Required action — Leaving out any pictures, transcribe every record exactly.

Provided material —

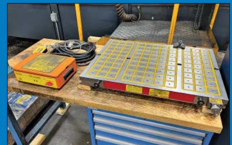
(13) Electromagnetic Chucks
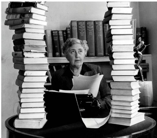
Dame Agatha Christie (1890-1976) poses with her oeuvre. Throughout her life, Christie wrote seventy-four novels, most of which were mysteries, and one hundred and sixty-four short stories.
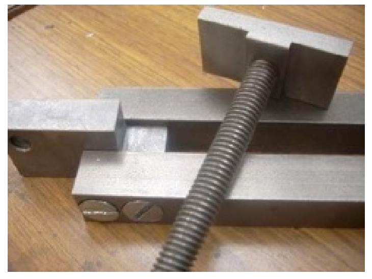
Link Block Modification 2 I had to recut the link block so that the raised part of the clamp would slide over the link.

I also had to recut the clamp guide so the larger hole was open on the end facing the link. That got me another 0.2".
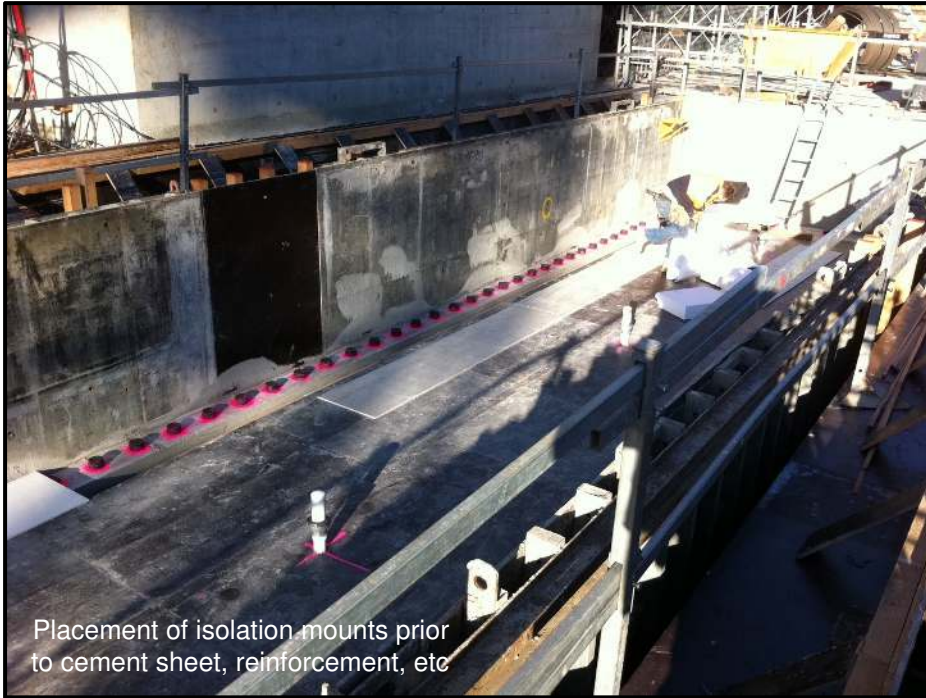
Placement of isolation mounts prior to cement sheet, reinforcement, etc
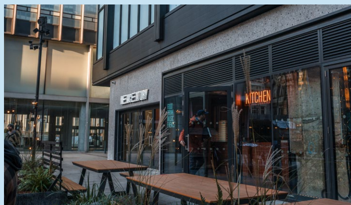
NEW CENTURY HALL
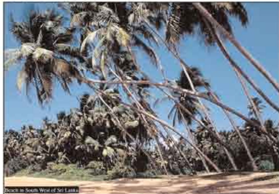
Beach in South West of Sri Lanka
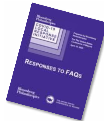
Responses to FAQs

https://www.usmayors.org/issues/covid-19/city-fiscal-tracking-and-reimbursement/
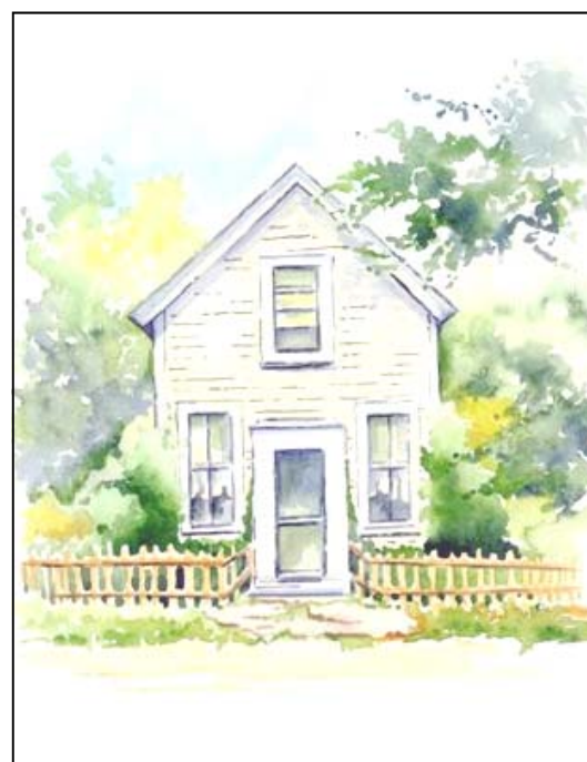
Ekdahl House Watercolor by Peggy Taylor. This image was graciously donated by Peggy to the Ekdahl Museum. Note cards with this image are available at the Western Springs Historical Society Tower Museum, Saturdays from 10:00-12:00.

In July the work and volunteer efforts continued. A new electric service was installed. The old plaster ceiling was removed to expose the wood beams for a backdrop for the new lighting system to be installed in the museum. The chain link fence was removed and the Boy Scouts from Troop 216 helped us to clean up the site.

Response area —
(13) Electromagnetic Chucks
Dame Agatha Christie (1890-1976) poses with her oeuvre. Throughout her life, Christie wrote seventy-four novels, most of which were mysteries, and one hundred and sixty-four short stories.
Link Block Modification 2 I had to recut the link block so that the raised part of the clamp would slide over the link.

I also had to recut the clamp guide so the larger hole was open on the end facing the link. That got me another 0.2".
Placement of isolation mounts prior to cement sheet, reinforcement, etc
NEW CENTURY HALL
Beach in South West of Sri Lanka
Responses to FAQs

https://www.usmayors.org/issues/covid-19/city-fiscal-tracking-and-reimbursement/
Ekdahl House Watercolor by Peggy Taylor. This image was graciously donated by Peggy to the Ekdahl Museum. Note cards with this image are available at the Western Springs Historical Society Tower Museum, Saturdays from 10:00-12:00.

In July the work and volunteer efforts continued. A new electric service was installed. The old plaster ceiling was removed to expose the wood beams for a backdrop for the new lighting system to be installed in the museum. The chain link fence was removed and the Boy Scouts from Troop 216 helped us to clean up the site.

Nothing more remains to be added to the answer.